### The task
Return the following lines and nothing else: the one holding "为在纪念五四运动105周年之" and all those after it in the records below, unchanged, minus any pictures.
┌─ Study material
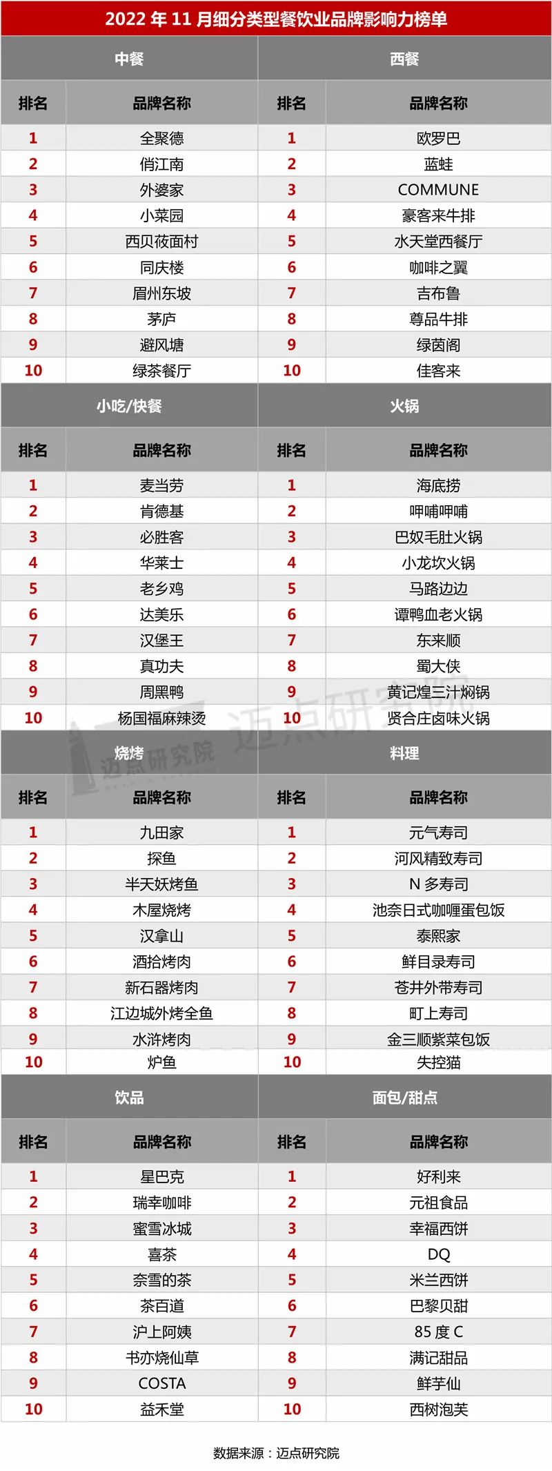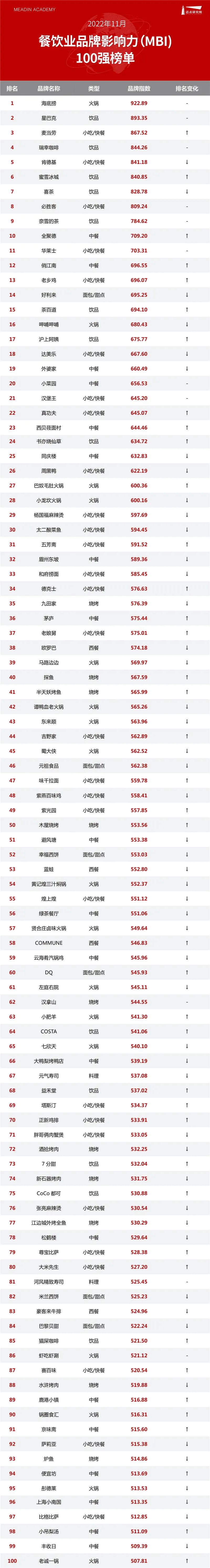 以下是迈点研究院独家发布的“2022年11月餐饮业品牌影响力(MBI)100强榜单”。本月海底捞、星巴克、麦当劳、瑞幸咖啡、肯德基、蜜雪冰城、喜茶、必胜客、奈雪的茶、全聚德进入榜单前十。TOP10品牌中,饮品品牌热度依然最高,占5席;其次是小吃/快餐品牌占3席,而火锅和中餐品牌各占1席。相比10月,本月100强榜单中,共有40个品牌排名上升,49个品牌排名下降,11个品牌排名没有变化。
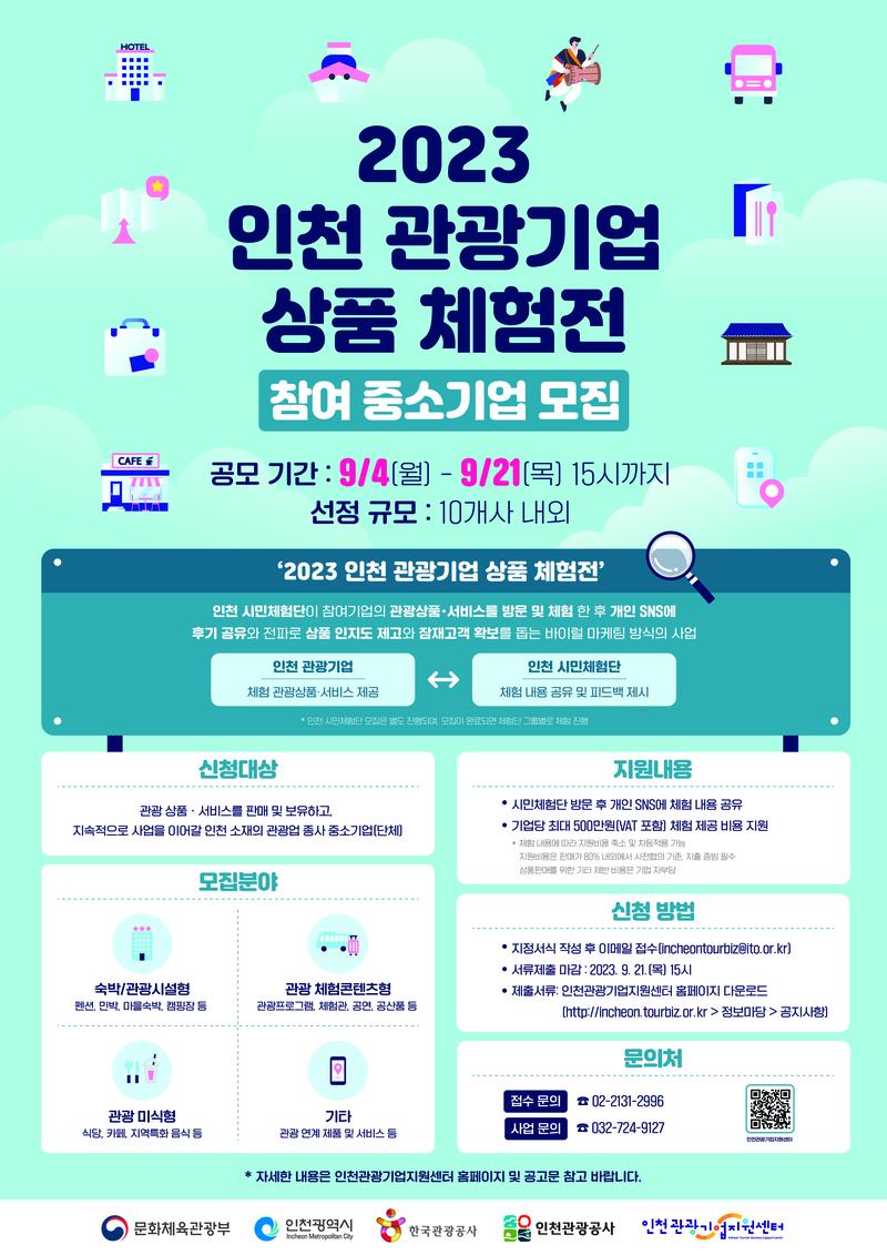 「2023 인천 관광기업 상품 체험전」 참여기업 모집(~9/21, 15시까지)
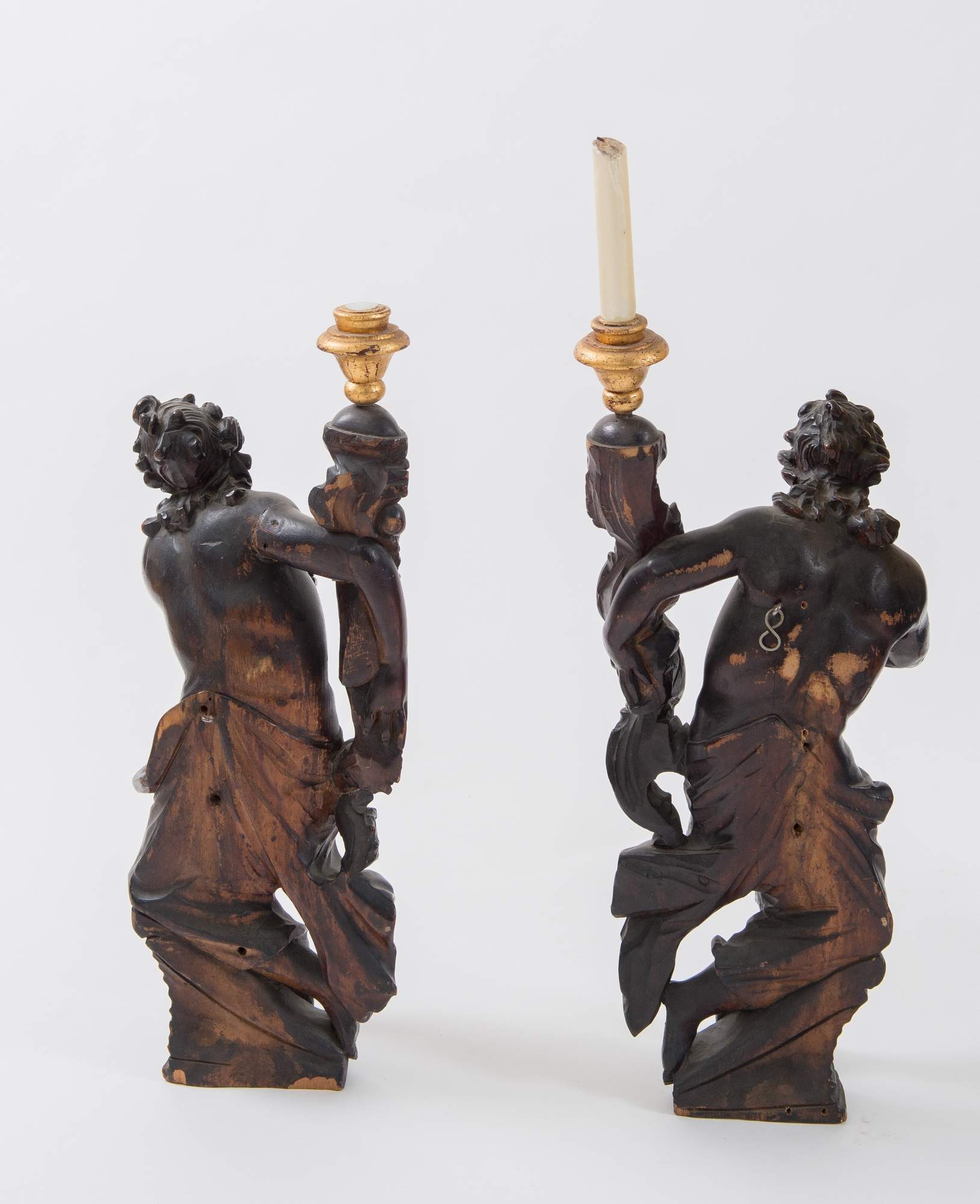 Coppia di statue reggicero, XVIII secolo, realizzate in legno di cirmolo...
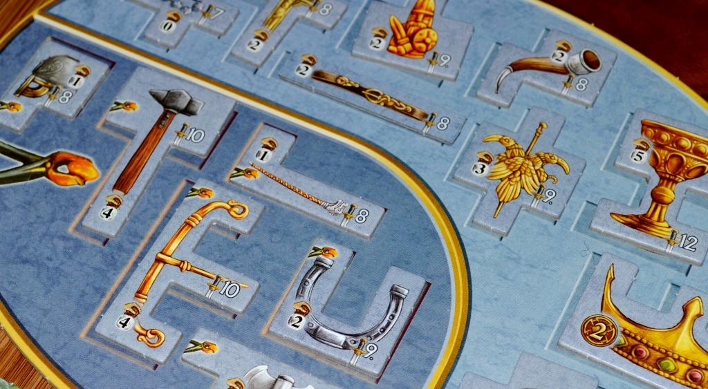 Выкладывание одежды, драгоценностей и столовых приборов на лужайку выглядит действительно нелепо, но если абстрагироваться от этих нюансов, то можно разглядеть за ними оригинальную и увлекательную игру, которая объединила в себе кое-что из Агриколы (карты занятий), Fields of Arle (поле с кучей действий) и Patchwork (складывание пазла).
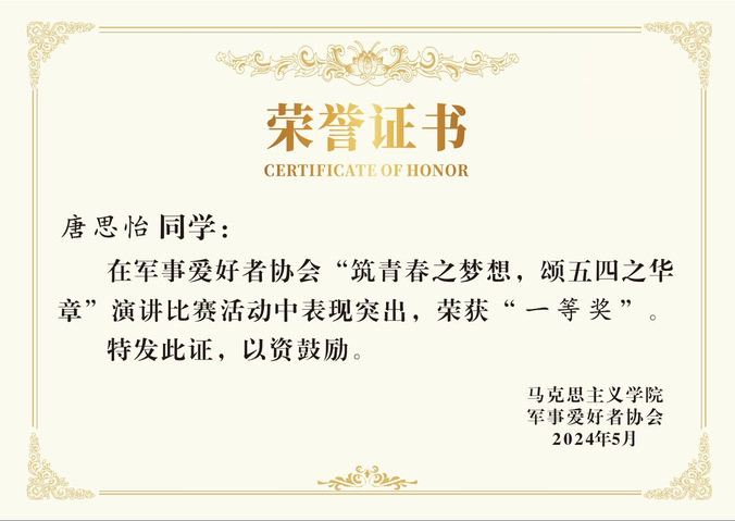 为在纪念五四运动105周年之际,深入学习贯彻习近平新时代中国特色社会主义思想和党的二十大精神,激发广大青年员工的爱国情怀和奋进精神,伟德bevictor员工社团军事爱好者协会于4月28—5月4日举办了以“筑青春之梦,颂五四之华章”为主题五四青年节演讲活动。
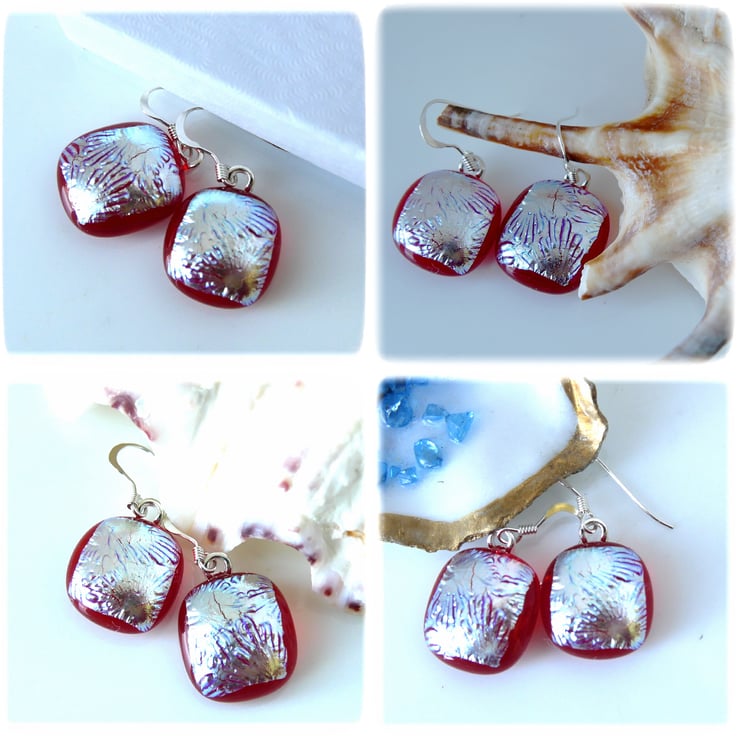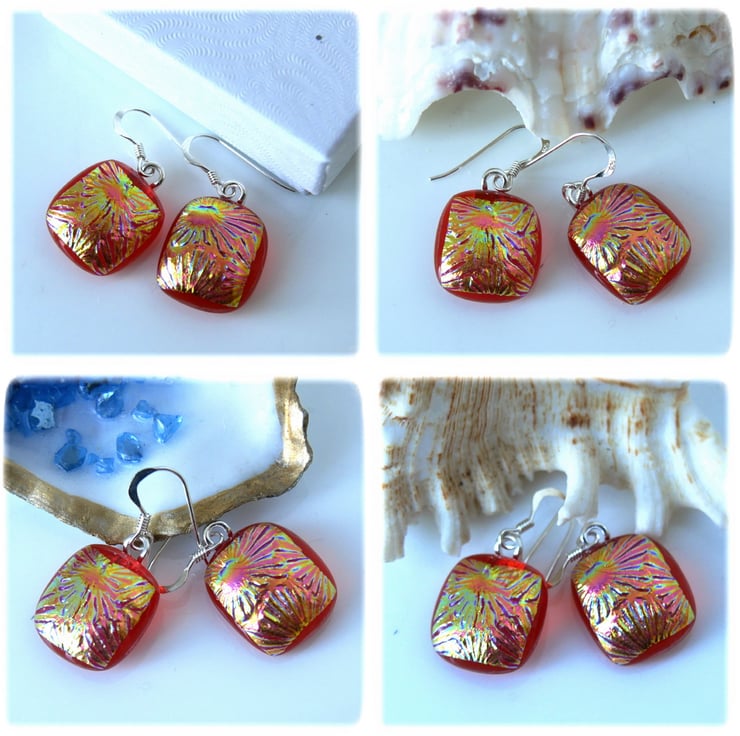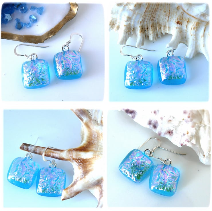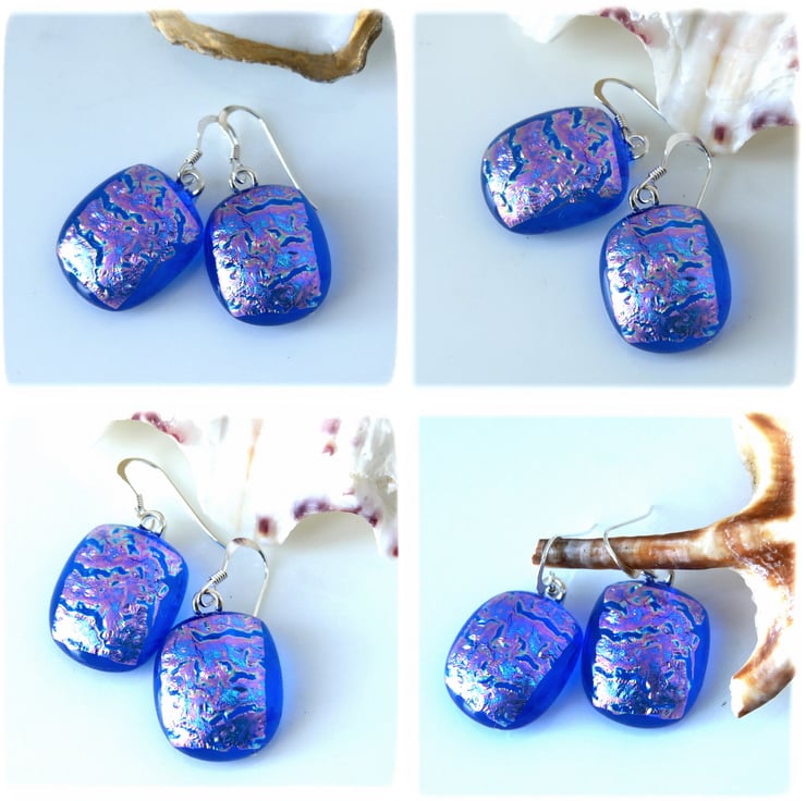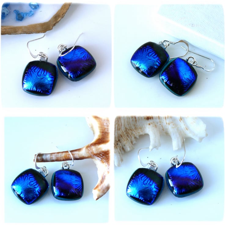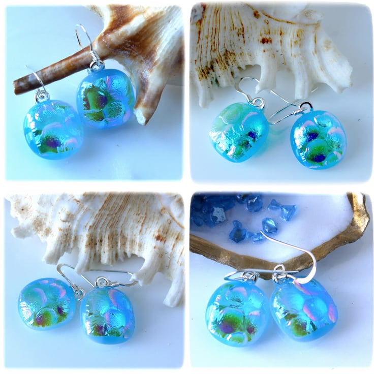 I've taken several photos of the earrings to try to show you the colour which changes in the light. this is a feature of wonderful dichroic glass.
└─
### Answer section
 为在纪念五四运动105周年之际,深入学习贯彻习近平新时代中国特色社会主义思想和党的二十大精神,激发广大青年员工的爱国情怀和奋进精神,伟德bevictor员工社团军事爱好者协会于4月28—5月4日举办了以“筑青春之梦,颂五四之华章”为主题五四青年节演讲活动。
 I've taken several photos of the earrings to try to show you the colour which changes in the light. this is a feature of wonderful dichroic glass.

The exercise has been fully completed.